Staruszek odłożył książkę i rozejrzał się wokół swoimi słabymi, ludzkimi oczami. Otoczone siecią zmarszczek rozglądały się ciekawie dookoła. Zazwyczaj jasne, pełne zimnego, błękitnego ognia, dzisiaj wydawały się przygaszone, zmęczone. Brak w nich było obecnego zwykle życia i energii.

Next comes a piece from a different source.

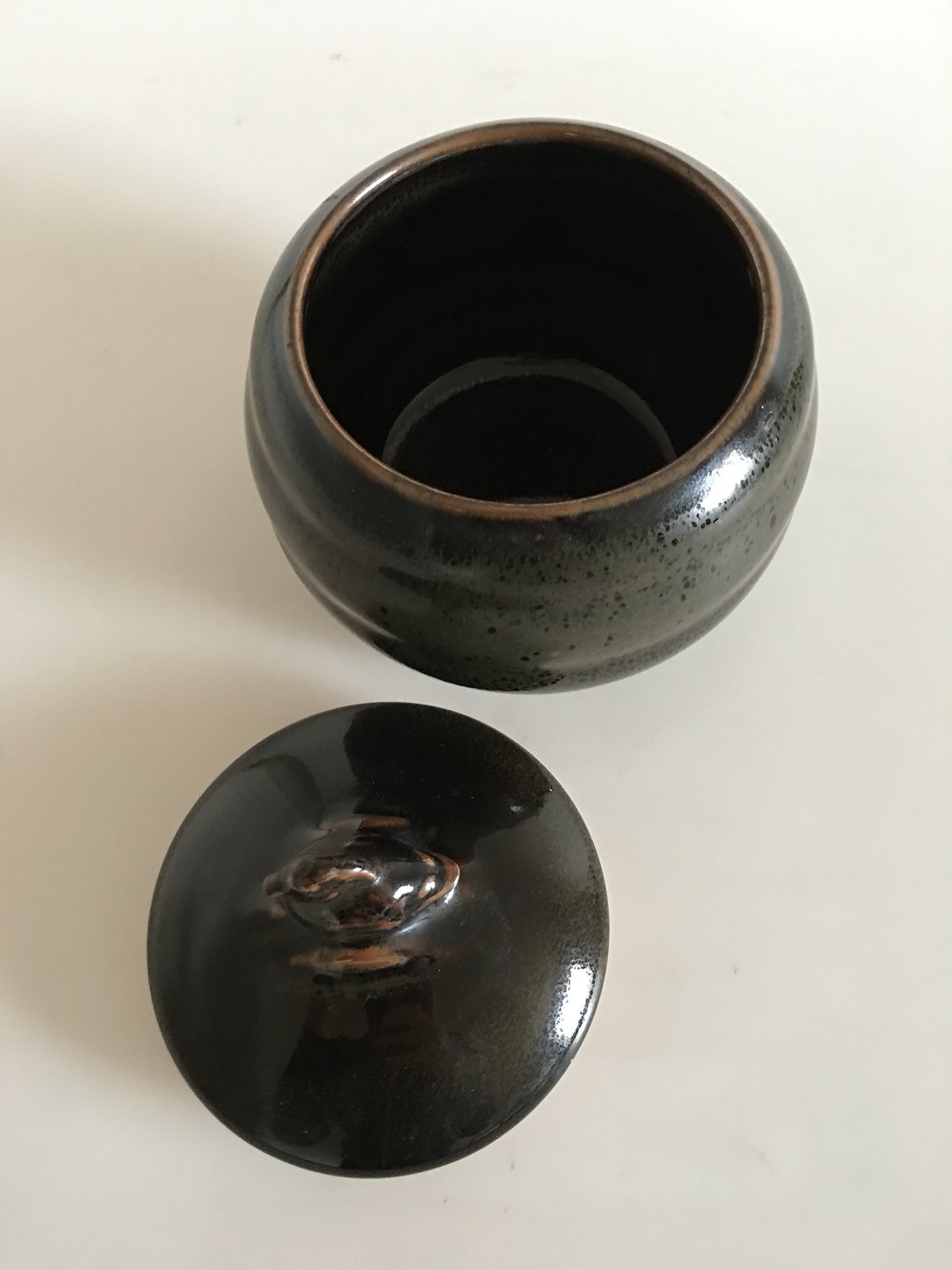Royal Copenhagen Knud Kyhn Stoneware Pot with Lid No 20509. Beautiful glaze. The pot has a small chip / crack in the side, otherwise in nice condition. 15 cm H (5 29/32"), 14 cm dia (5 33/64")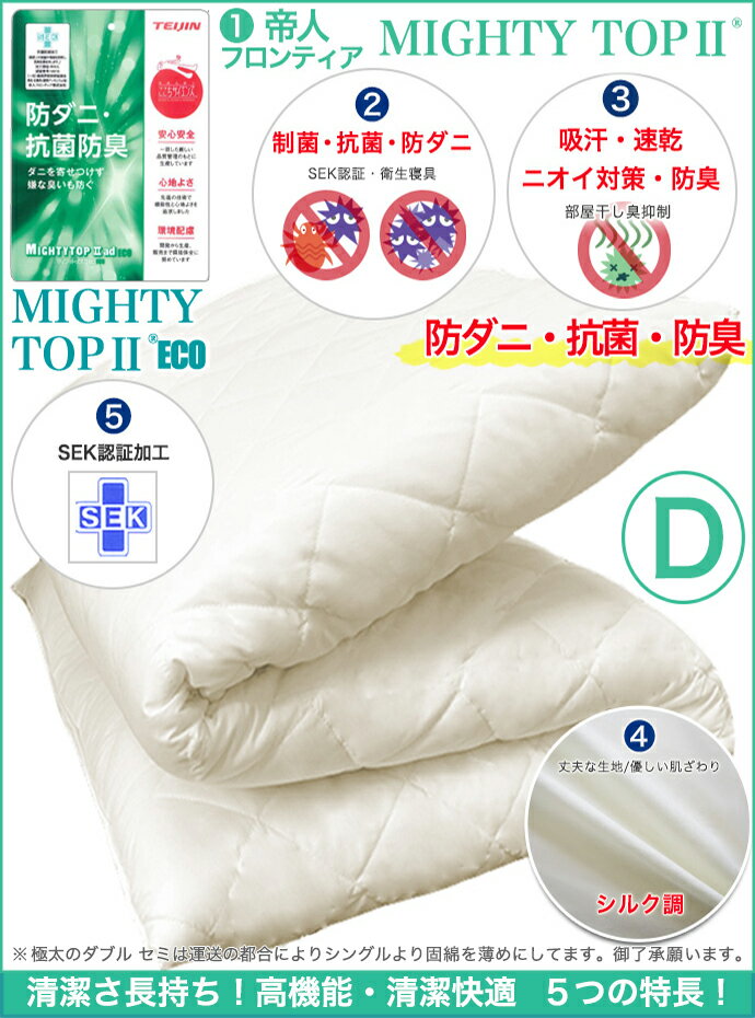 【12点セット】: ・掛布団ダブル:190×200cm ・敷布団ダブル:140x200cm ・枕:43x63cm:【2個】 ・掛カバー:D ・敷カバー:D ・枕カバー:43x63cm出し入れ簡単ファスナー式【5枚】 ・敷パッドダブル:140x205cm(ベット・ベットマット兼用) 【SEK認証】 防ダニ・制菌・抗菌・防臭・部屋干し臭抑制 速乾・吸汗・清潔・衛生寝具 【低ホルマリン基準クリア】当社の製品は薬剤等を使用しておりますが、身体に害になるような加工は一切しておりません。

– Tak mało czasu – powiedział bardziej do siebie niż do Śmiga. Jego głos drżął. Ptak pierwszy raz słyszał takie nuty w głosie bezpiórego przyjaciela – tak mało czasu – powtórzył – a jeszcze tyle zostało ich niepoznanych – Wzrok Dyma przemknął po rozłożonych po całym pomieszczeniu księgach, zwojach i porozrzucanych bez ładu i porządku pojedyńczych kartach pergaminu. W kącie ukrytego w sieci zmarszczek oka pojawiła się pojedyńcza łza. Ten znak był dla białozora czytelny i znany. Ludzie mieli mokre oczy gdy ogarniał ich smutek i żal. Woda dla nich tak cenna i wartościowa, że oddawali ją przez oczy tylko gdy rozpacz rozdzierała ich serca. Uczucie nie znane Śmigowi, ale umiał je sobie wyobrazić.

„To jakby mi odebrali skrzydła, zabronili latać i wznosić się coraz wyżej i wyżej w kierunku słońca” – przeciągły, pełen smutku i żalu pisk przeciął ciszę zalegającą niczym całun w pracowni.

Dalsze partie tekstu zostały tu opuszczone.